I really don’t like the approach of using python itself as the configuration language. Stuff configuration into effectively global variables muddies dependencies and interfaces, and additionally it’s awkward as soon as a non-python component needs to read this configuration. I’ve also seen cases where the “config” module slowly starts acquiring things that perform side-effects, which is its own whole can of worms.
If you’ve got a polyglot situation, then it seems like json read as loads in Python and whatever equivalent in the other language is better. An example is when you want to maintain some configuration invariant between your React app and your Flask backend.
The difference is so minor, though (if config['environment'] == 'development' is no less readable than if config.is_development) and while the theory is that with the latter you can then move your config[environment] to config[environments][canary] and only have to modify one thing, I don’t think that happens that often in practice. Probably not worth optimizing for at the cost of the indirection.
The advantage of the JSON approach is that you’re guaranteed there’s no logic and you get the polyglot support. The disadvantage is that you’re guaranteed no logic.
Nothing is preventing you from doing that here. They can coexist. The (truly) shared config can exist as a JSON file and get pulled into Python-land with json.loads().
I would argue that config['environment'] == 'development' is worse, although your point on readability is valid. I say this because development has now become a magic string that you need to be aware of.
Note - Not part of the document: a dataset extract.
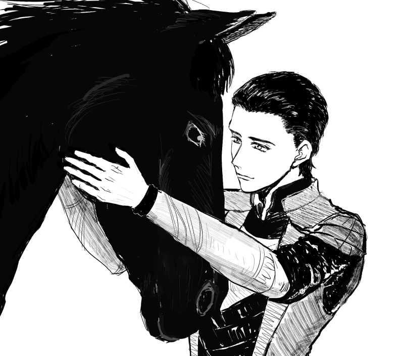 22 80 初描きロキちゃん 逸話的に馬にモテモテのはず。むしろ全動物に好かれそうなイメージ 乗馬は⚡より🐍ちゃんの方がきっと早い。 ん~~もっときゅるん目で可愛く描いても許される気がする 22/04/23 01:13
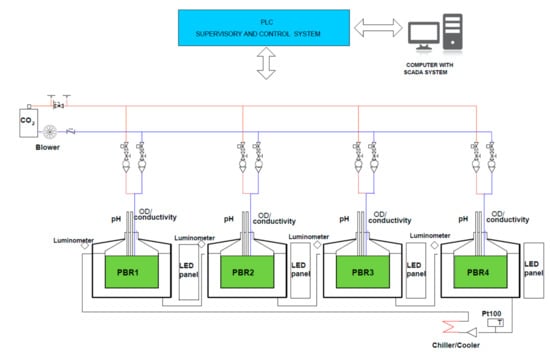 A scheme of four photobioreactors (PBR). Temperature, air/CO2 bubbling, pH, light intensity and diurnal cycle are controlled by the supervisory control and data acquisition (SCADA) system.

This pattern of a settings module is used pretty often in Django world. The biggest frustration ends up being that if you have some general configuration in your __init__.py or base.py or wherever, it’s easy to overwrite it in a sub-module, unless there’s some logic that runs based on the configuration.
A classic example is having your settings/__init__.py do something like:
TESTING = ...
if TESTING:
set_up_logging()
If in your settings/local.py you end up just setting TESTING = True, then you’ll miss that base statement and so have to hack in some other stuff.
Ultimately what I do on personal projects is a sort of multi-stage environment setup, but a lot of people are averse to “complicated settings” (Though a part of me feels that complication levels of settings are not based on the usage of Python but more intrinsic requirements..).
The pattern that the author describes is fairly popular and works for simple small projects.
It is pushed frequently by some projects including Django because it “looks good” to have the config be in the same language and write a simple variable assignment in it such as ‘DATABASE_USERNAME = “username”’.
However I disagree with calling it “doing configuration right”. Configuration should be “just data”. This turns configuration into executable code which is a bad idea. Before you know it non-primitive types like class instances, and side effects will creep into your “config” and it’s a world of pain from there.
Stick to “dumb” data formats such as JSON/Yaml/TOML and derive/calculate the other things that you need from that original raw information. This keeps your config as data, serializable, without side effects, and makes it easy for other tooling to read/write/generate/compare/switch it.
If you need something beyond that look into Dhall, CUE, or Jsonnet (but think twice before doing so, you probably don’t need them!)
This turns configuration into executable code which is a bad idea.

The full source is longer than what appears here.